* DIRECTIONS
Return only the lines below starting at the line containing "今天分享的案例是一座两层的空" and ending at the line containing "Shooting sideways and", both included, exactly as they are and with no pictures.

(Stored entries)
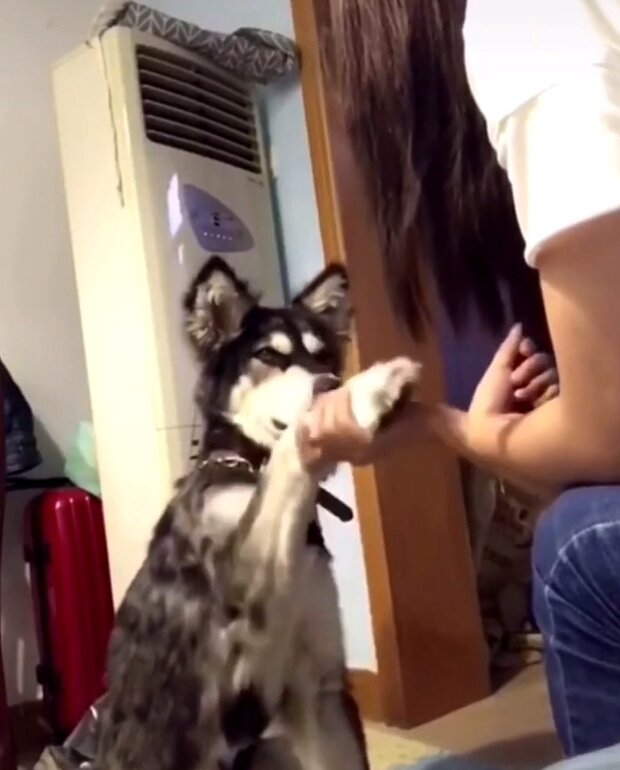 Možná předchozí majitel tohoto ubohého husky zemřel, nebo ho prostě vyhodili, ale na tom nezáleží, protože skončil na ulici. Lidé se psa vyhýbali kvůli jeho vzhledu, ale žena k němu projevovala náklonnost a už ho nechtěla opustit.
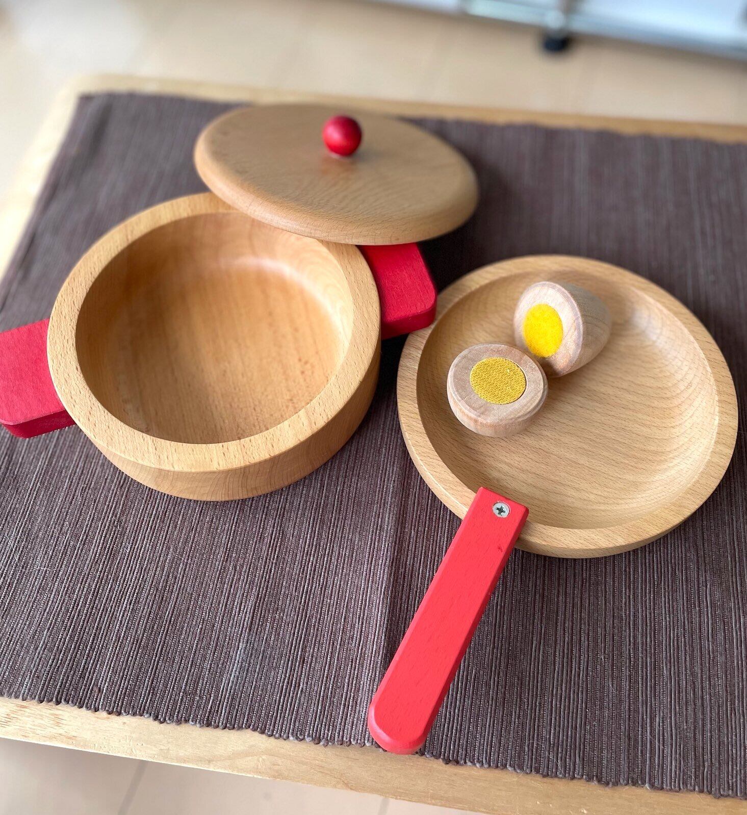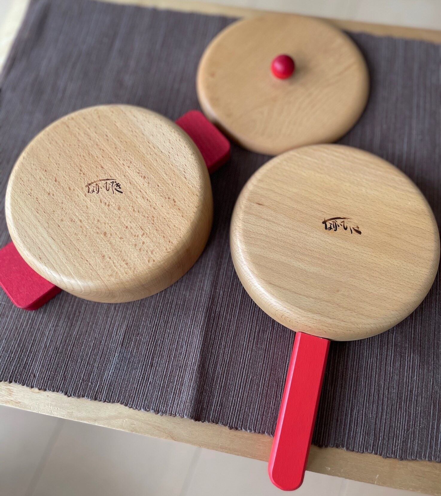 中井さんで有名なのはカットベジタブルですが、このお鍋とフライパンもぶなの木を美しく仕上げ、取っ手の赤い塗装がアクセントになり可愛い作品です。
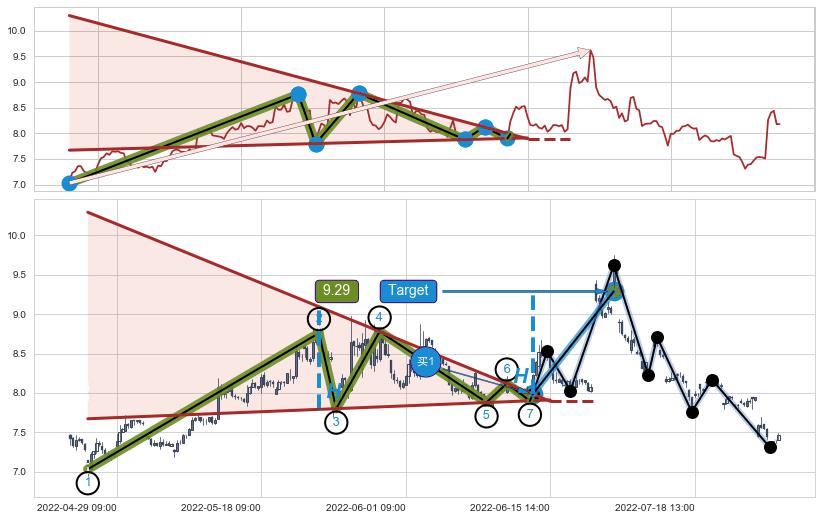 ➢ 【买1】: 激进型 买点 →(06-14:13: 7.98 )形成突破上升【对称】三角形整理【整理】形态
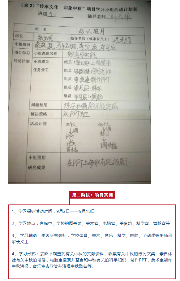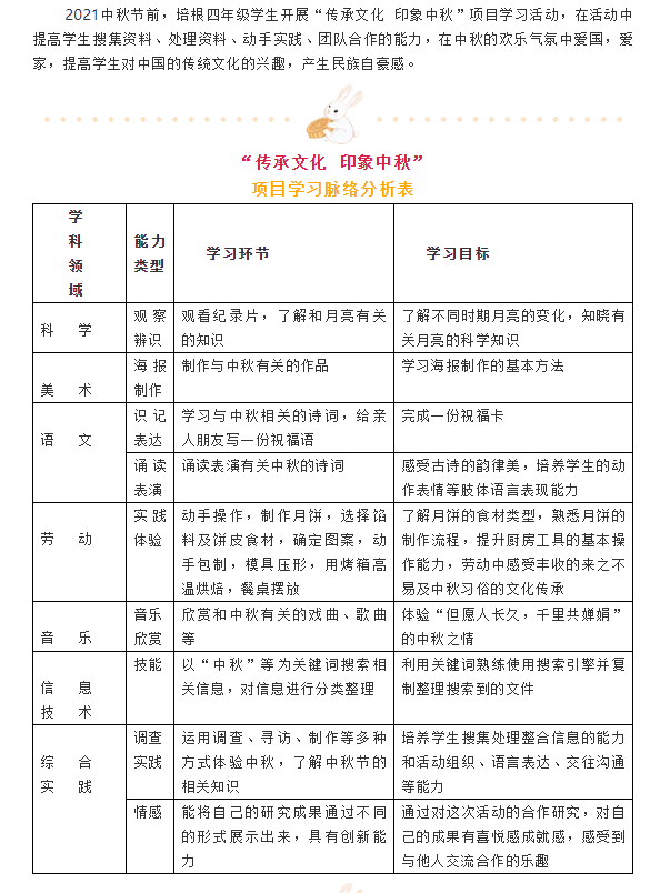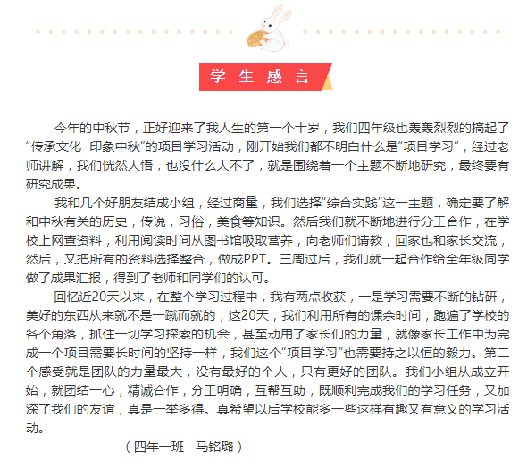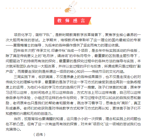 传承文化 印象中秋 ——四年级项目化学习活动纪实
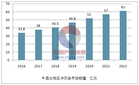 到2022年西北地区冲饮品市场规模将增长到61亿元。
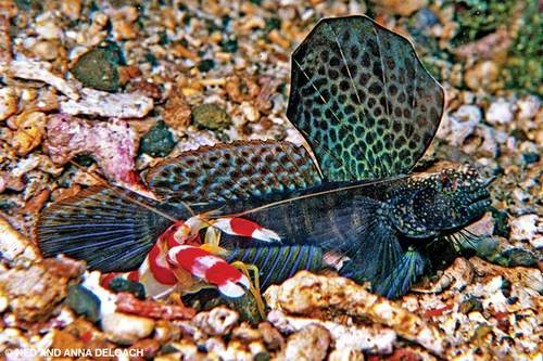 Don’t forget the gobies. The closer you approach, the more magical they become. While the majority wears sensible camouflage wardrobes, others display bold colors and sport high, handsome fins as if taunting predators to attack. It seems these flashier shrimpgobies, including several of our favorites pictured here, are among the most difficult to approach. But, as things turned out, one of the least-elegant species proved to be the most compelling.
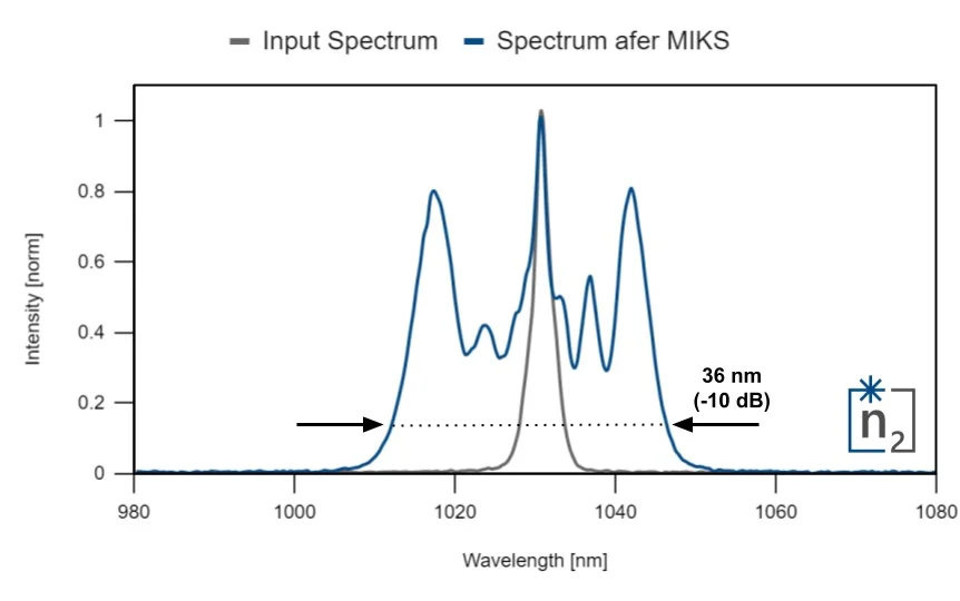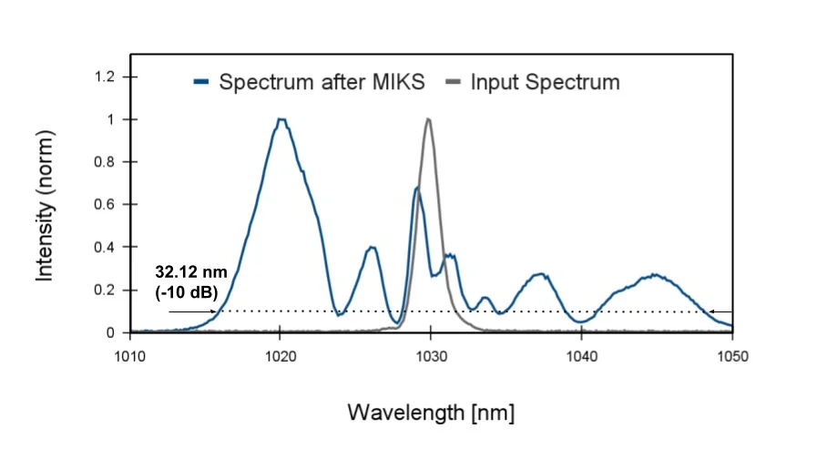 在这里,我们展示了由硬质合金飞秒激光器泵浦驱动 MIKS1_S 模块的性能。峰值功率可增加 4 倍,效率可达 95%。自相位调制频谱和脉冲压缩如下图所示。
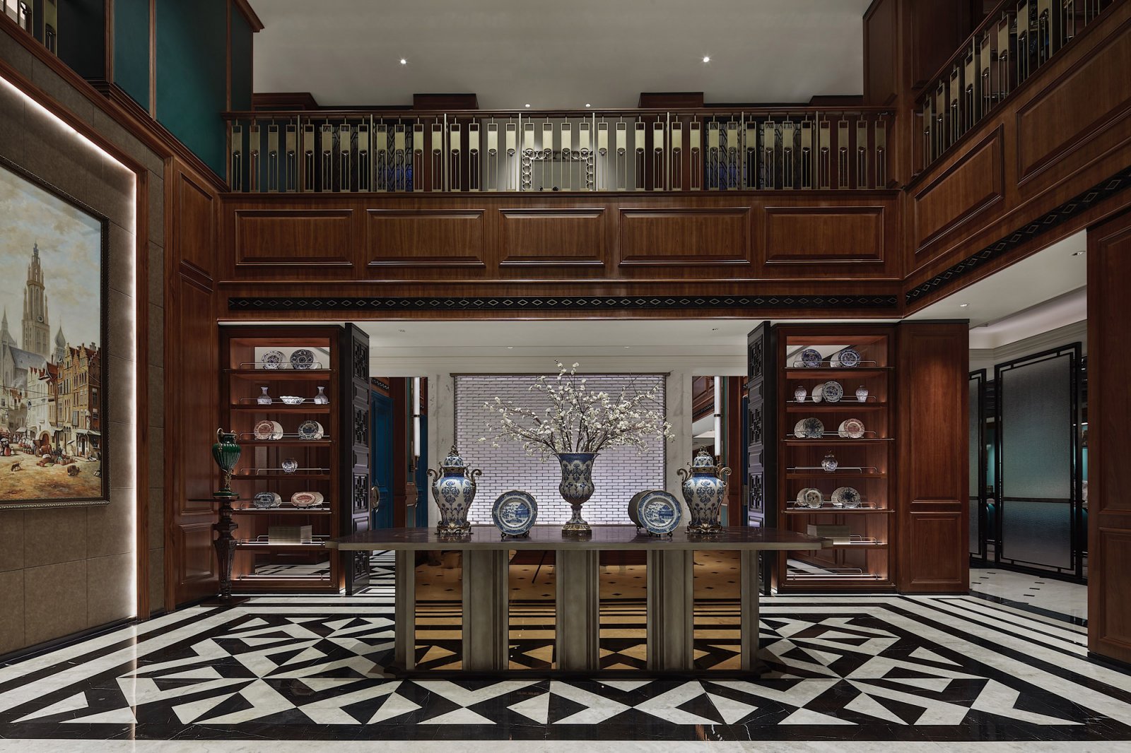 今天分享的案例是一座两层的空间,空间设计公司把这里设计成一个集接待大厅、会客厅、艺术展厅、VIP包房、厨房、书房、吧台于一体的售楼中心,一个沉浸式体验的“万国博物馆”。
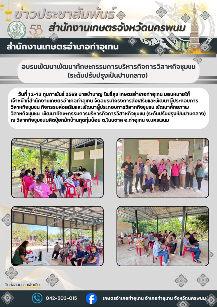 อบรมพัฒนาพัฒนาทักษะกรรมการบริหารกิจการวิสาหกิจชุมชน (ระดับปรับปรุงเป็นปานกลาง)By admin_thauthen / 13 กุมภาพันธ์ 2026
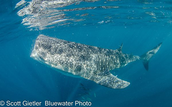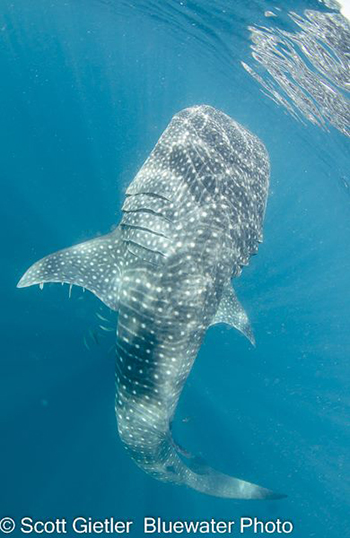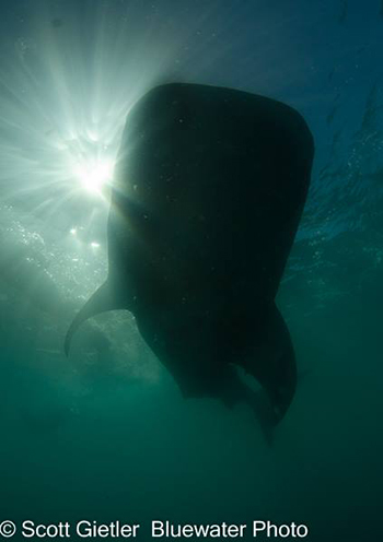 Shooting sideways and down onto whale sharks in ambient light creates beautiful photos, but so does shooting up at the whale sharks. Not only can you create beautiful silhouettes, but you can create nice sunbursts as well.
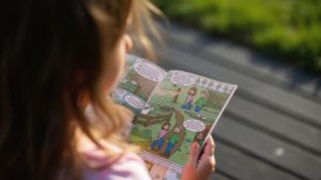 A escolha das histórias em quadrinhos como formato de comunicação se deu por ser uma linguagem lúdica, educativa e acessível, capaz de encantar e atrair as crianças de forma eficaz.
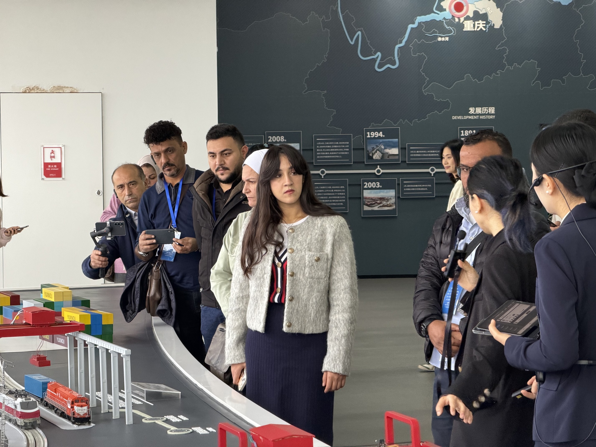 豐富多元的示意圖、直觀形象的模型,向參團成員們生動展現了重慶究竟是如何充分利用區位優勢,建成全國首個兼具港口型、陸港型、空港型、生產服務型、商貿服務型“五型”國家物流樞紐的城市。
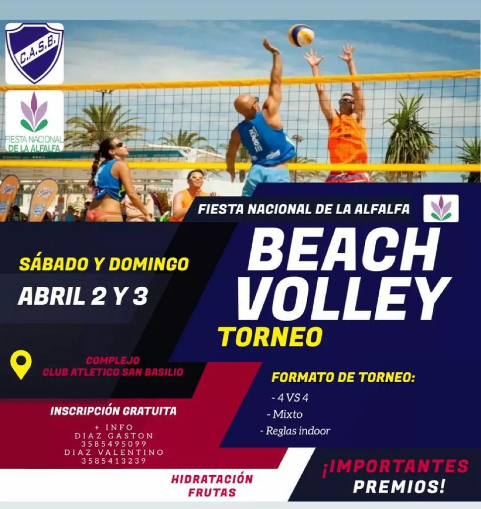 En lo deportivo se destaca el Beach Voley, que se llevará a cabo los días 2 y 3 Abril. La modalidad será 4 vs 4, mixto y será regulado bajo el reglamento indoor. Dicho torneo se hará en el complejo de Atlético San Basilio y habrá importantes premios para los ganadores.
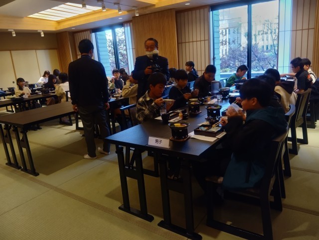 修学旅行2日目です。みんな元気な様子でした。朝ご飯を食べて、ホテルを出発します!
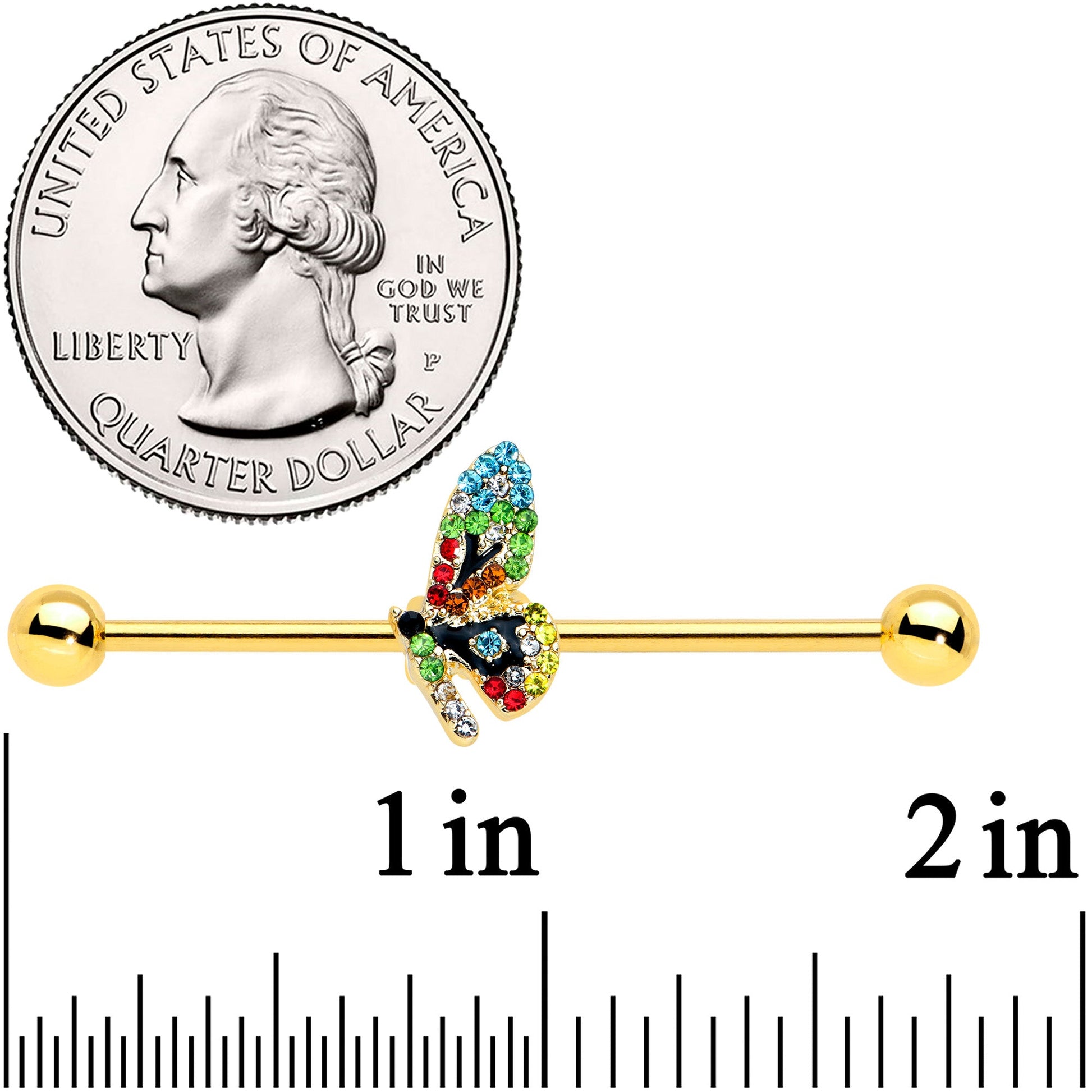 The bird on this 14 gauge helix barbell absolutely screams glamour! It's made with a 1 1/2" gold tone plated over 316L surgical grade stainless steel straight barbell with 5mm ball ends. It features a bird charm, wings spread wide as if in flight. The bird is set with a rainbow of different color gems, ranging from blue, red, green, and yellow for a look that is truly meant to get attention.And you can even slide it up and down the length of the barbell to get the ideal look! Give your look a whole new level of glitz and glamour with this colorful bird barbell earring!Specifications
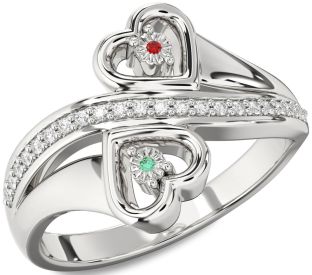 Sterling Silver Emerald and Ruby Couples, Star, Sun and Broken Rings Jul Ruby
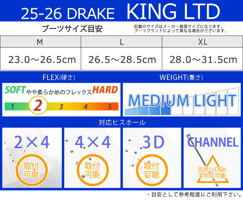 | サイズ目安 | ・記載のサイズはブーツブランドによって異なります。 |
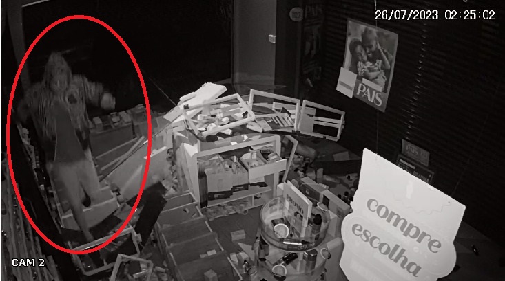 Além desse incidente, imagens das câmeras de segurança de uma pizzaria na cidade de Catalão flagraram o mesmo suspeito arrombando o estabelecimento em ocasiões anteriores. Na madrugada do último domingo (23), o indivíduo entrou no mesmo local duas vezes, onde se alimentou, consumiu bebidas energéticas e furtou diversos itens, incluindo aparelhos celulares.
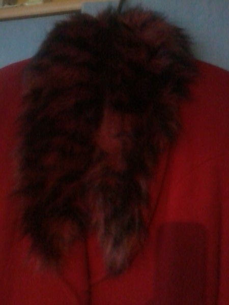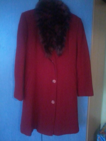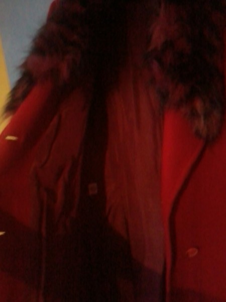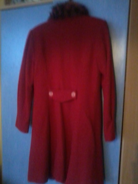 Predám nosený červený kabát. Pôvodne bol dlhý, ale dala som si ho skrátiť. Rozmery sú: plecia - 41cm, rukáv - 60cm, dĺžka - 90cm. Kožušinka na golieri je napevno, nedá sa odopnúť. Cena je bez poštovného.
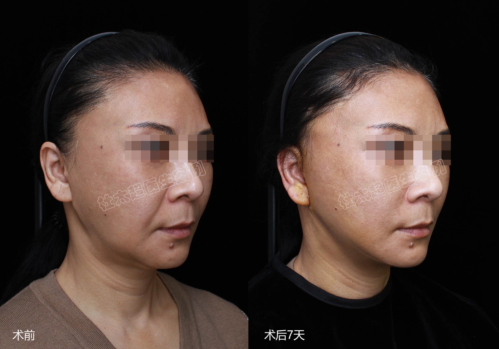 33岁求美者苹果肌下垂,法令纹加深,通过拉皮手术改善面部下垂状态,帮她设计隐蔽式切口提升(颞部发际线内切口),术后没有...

* RESPONSE TO THIS EXERCISE
 今天分享的案例是一座两层的空间,空间设计公司把这里设计成一个集接待大厅、会客厅、艺术展厅、VIP包房、厨房、书房、吧台于一体的售楼中心,一个沉浸式体验的“万国博物馆”。
 อบรมพัฒนาพัฒนาทักษะกรรมการบริหารกิจการวิสาหกิจชุมชน (ระดับปรับปรุงเป็นปานกลาง)By admin_thauthen / 13 กุมภาพันธ์ 2026
 Shooting sideways and down onto whale sharks in ambient light creates beautiful photos, but so does shooting up at the whale sharks. Not only can you create beautiful silhouettes, but you can create nice sunbursts as well.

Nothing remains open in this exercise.